What's New | Quick Start | Resource Download | Experiment Reproduction | Customized Environment | Code Structure Citation

LLM Lifecycle

The LLM Lifecycle. In the first stage, LLMs are pretrained with next-token prediction tasks on a large scale of corpus. Then, LLMs are further finetuned using SFT and RLFT for alignment and enhancing reasoning capabilities. We consider deployment-time learning as the third stage, where LLMs learn from experience during deployment, enabling continuous policy improvement over online interactions without updating the underlying LLM parameters.

CASCADE

Overview of CASCADE. Given a query, CASCADE retrieves the case via the contextual bandit algorithm, reuses and revises it to generate the solution, and receives the reward. The retriever policy is updated accordingly, and successful cases are retained in the case bank.

What's New

  • 2026-05-11: CASCADE paper is available via arXiv.
  • 2026-04-28: CASCADE is open-sourced.

Quick Start

The minimal steps for running CASCADE on DTLBench are:

  1. Set up the Python environment
  2. Download DTLBench
  3. Run main.py with a supported environment and model backend

1. Set Up the Environment

cd CASCADE
conda create -n cascade python=3.10
conda activate cascade

# install torch
pip install torch==2.7.1 torchvision==0.22.1 torchaudio==2.7.1 --index-url https://download.pytorch.org/whl/cu118

# Optional: install flash-attn (only required by baseline REINFORCE+LoRA)
# pip install https://github.com/Dao-AILab/flash-attention/releases/download/v2.7.4.post1/flash_attn-2.7.4.post1+cu12torch2.7cxx11abiTRUE-cp310-cp310-linux_x86_64.whl

pip install -r requirements.txt

2. Download DTLBench

For open-sourced datasets, you can manually download them from πŸ€— Huggingface datasets or use:

cd CASCADE
mkdir -p data
huggingface-cli download --repo-type dataset --resume-download guosy/DTLBench --local-dir data

For restricted-license datasets, please manually download them from PhysioNet after completing the required training.
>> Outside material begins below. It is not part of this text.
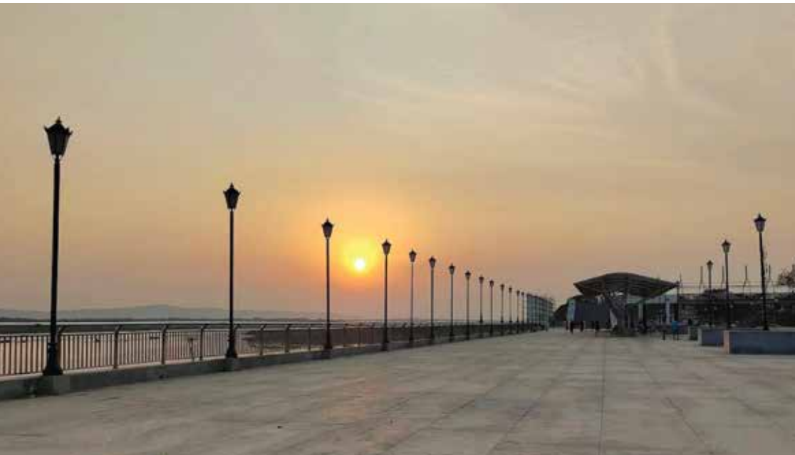
MAA SAMALESWARI TEMPLE, ODISHA

NOTE: The related datasets will be open-sourced after publication due to the policy from PhysioNet.

3. Run CASCADE

A minimal vllm example (via local deployment) is:

python main.py \
  --seed 0 \
  --env ddxplus \
  --agent cbr \
  --bandit NeuralLinLogUCB \
  --llm qwen3-32b \
  --serving_mode vllm \
  --server <YOUR_vLLM_SERVER_IP> \
  --port <YOUR_vLLM_PORT> \
  --learning_rate 1e-5 \
  --nu 0.1

A minimal openai example (via OpenAI compatible API) is:

python main.py \
  --seed 0 \
  --env ddxplus \
  --agent cbr \
  --bandit NeuralLinLogUCB \
  --llm gemini-2.0-flash \
  --serving_mode openai \
  --learning_rate 1e-5 \
  --nu 0.1

The most important arguments are:

  • --env: the DTLBench task to run, such as ddxplus, spider, bird, banking77, or sentifin (as specified in env/init.py)
  • --agent: the deployment-time learning method; use cbr for CASCADE
  • --bandit: the contextual bandit algorithm used to rank recalled cases; use NeuralLinLogUCB for CASCADE
  • --llm: the LLM name passed to the backend
  • --serving_mode: choose openai for API-compatible serving or vllm for local serving
  • --server: the host name of the vLLM server
  • --port: the port of the vLLM server
  • --learning_rate: learning rate for training reward model
  • --nu: exploration coefficient in contextual bandit algorithms

Resource Download

This section is only required for specific tasks. If you run tasks such as ddxplus, banking77, or sentifin, you do not need the extra resources below.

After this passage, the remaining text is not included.